Number Theoretic Methods In Cryptology
Download Number Theoretic Methods In Cryptology PDF/ePub or read online books in Mobi eBooks. Click Download or Read Online button to get Number Theoretic Methods In Cryptology book now. This website allows unlimited access to, at the time of writing, more than 1.5 million titles, including hundreds of thousands of titles in various foreign languages.
Number-Theoretic Methods in Cryptology
This book constitutes the refereed post-conference proceedings of the First International Conference on Number-Theoretic Methods in Cryptology, NuTMiC 2017, held in Warsaw, Poland, in September 2017.The 15 revised full papers presented in this book together with 3 invited talks were carefully reviewed and selected from 32 initial submissions. The papers are organized in topical sections on elliptic curves in cryptography; public-key cryptography; lattices in cryptography; number theory; pseudorandomness; and algebraic structures and analysis.
Number-Theoretic Methods in Cryptology
This book constitutes the refereed post-conference proceedings of the 4th International Conference on Number-Theoretic Methods in Cryptology, NuTMiC 2024, held in Szczecin, Poland, during June 24–26, 2024. The 9 full papers and 2 invited papers presented in this book were carefully reviewed and selected from 12 submissions. They were organized in topical sections as follows: invited talks; elliptic curves in cryptography; number theory; algebraic structures and public-key cryptography.
Number Theoretic Methods in Cryptography
The book introduces new techniques which imply rigorous lower bounds on the complexity of some number theoretic and cryptographic problems. These methods and techniques are based on bounds of character sums and numbers of solutions of some polynomial equations over finite fields and residue rings.

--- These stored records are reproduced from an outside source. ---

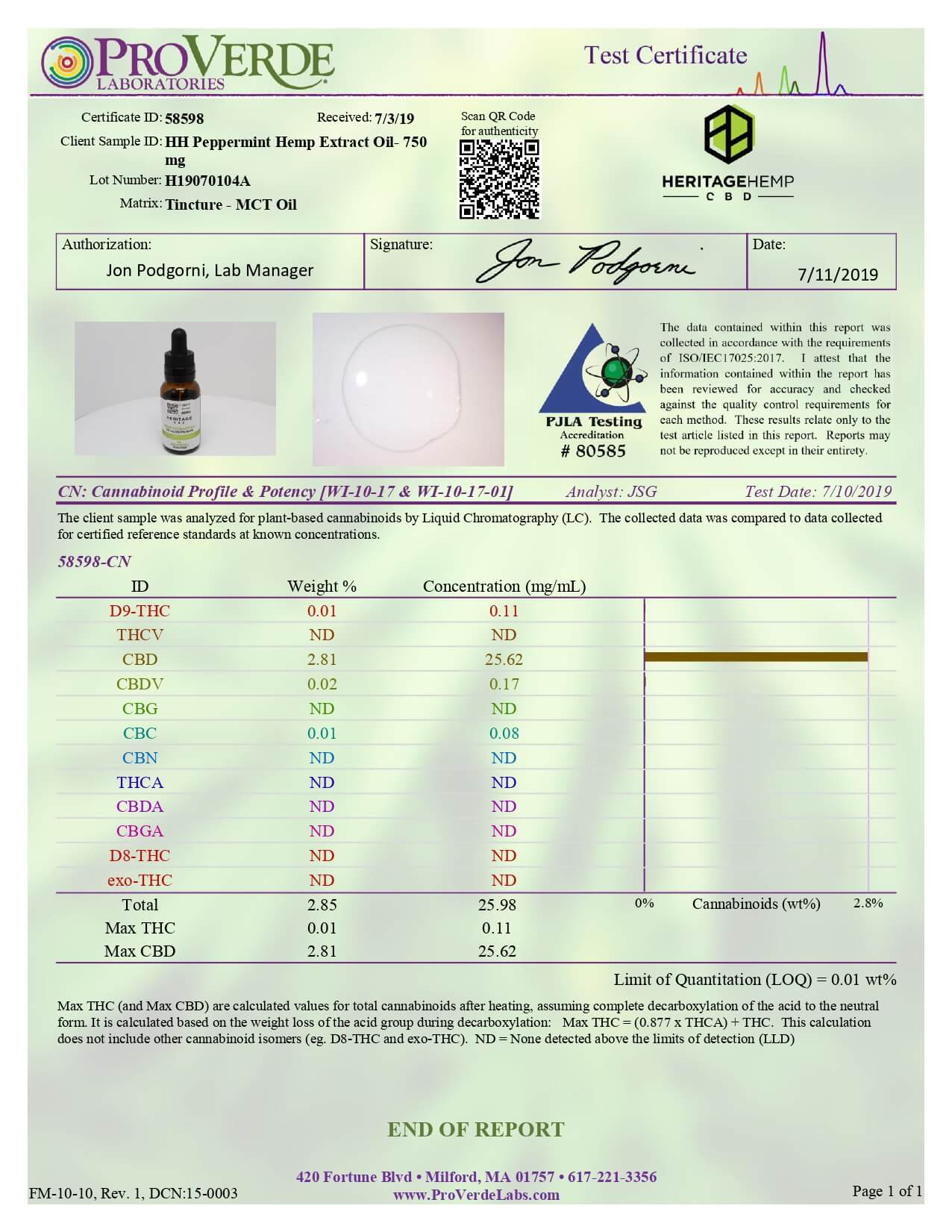 Heritage Hemp CBD Tincture Peppermint 750mg Lab Report
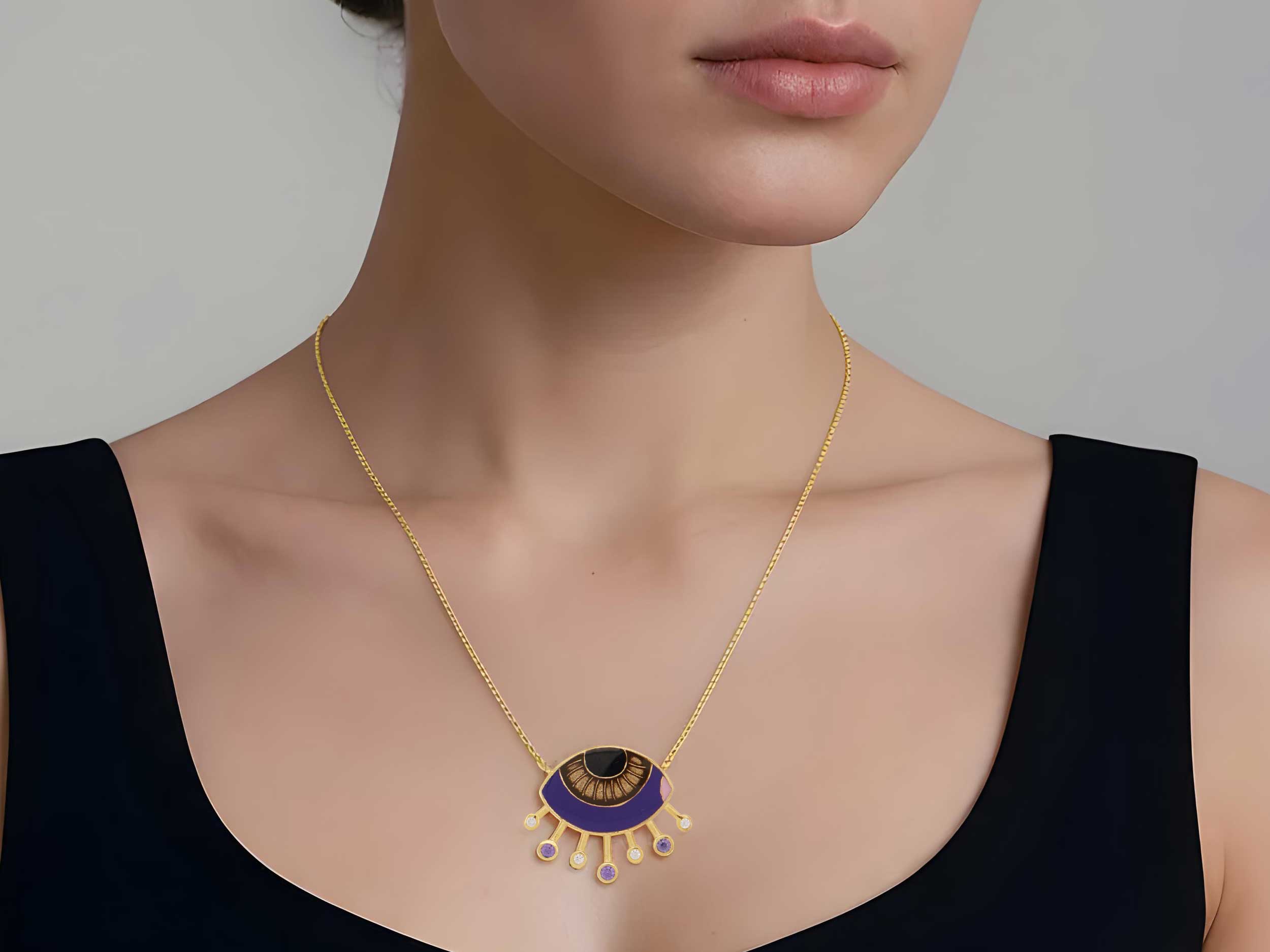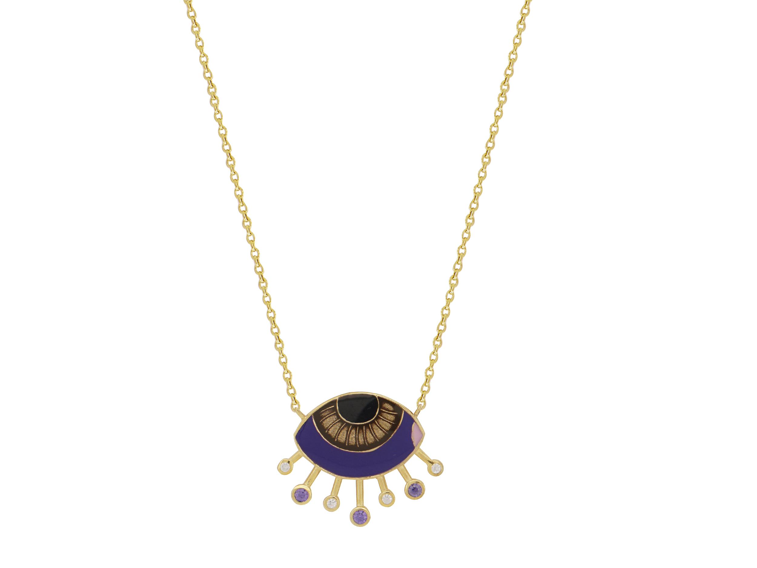 Κολιέ με μοβ μάτι, σε επιχρυσωμένο ασήμι 925, διακοσμημένο με σμάλτο σε μαύρο, καφέ, ροζ και μοβ χρώμα. Στο κάτω μέρος του ματιού είναι τοποθετημένες λευκές και μοβ λαμπερές cubic ζιργκόν πέτρες. Ιδανικό κόσμημα για να αναδείξετε τα λουκ σας!
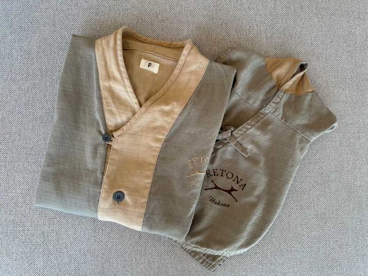 オリジナルの館内着。飼い主と同じものをワンちゃんサイズに仕立てた特別な1着は、記念撮影必須!
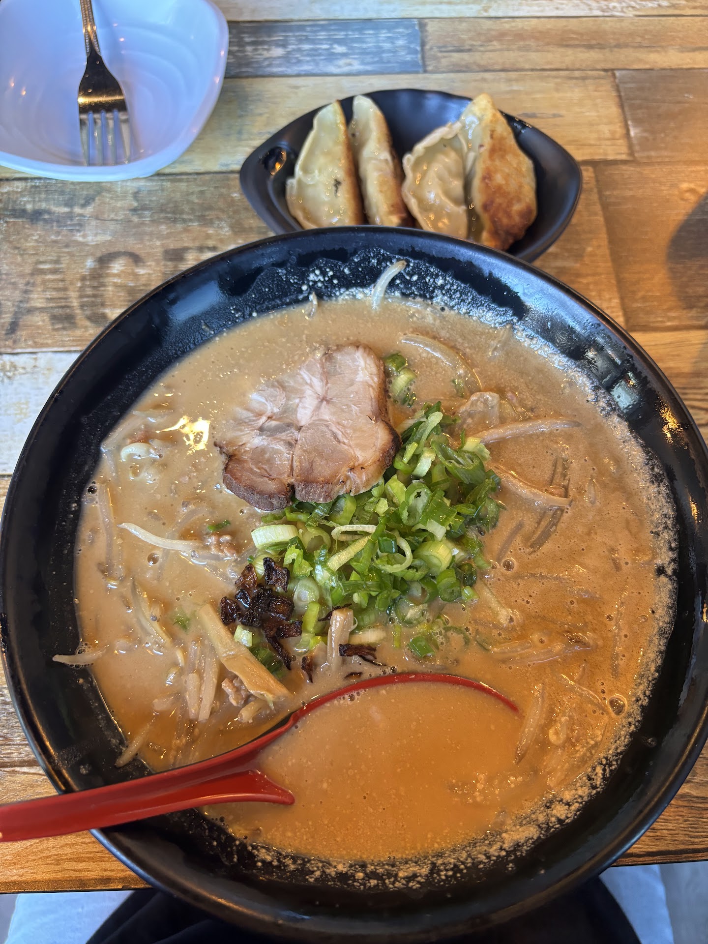 Read moreAnother location besides the other closest location to this in Down Town San Pedro. Good ramen and side dishes. Nice services. Glad another location is around this area of RPV. Surrounded by other retail and eats. Vegetarian ramen , corn salad, and vege gyoza...

It also contains a number of open problems and proposals for further research. We obtain several lower bounds, exponential in terms of logp, on the de grees and orders of • polynomials; • algebraic functions; • Boolean functions; • linear recurring sequences; coinciding with values of the discrete logarithm modulo a prime p at suf ficiently many points (the number of points can be as small as pI/He). These functions are considered over the residue ring modulo p and over the residue ring modulo an arbitrary divisor d of p - 1. The case of d = 2 is of special interest since it corresponds to the representation of the right most bit of the discrete logarithm and defines whether the argument is a quadratic residue. We also obtain non-trivial upper bounds on the de gree, sensitivity and Fourier coefficients of Boolean functions on bits of x deciding whether x is a quadratic residue. These results are used to obtain lower bounds on the parallel arithmetic and Boolean complexity of computing the discrete logarithm. For example, we prove that any unbounded fan-in Boolean circuit. of sublogarithmic depth computing the discrete logarithm modulo p must be of superpolynomial size.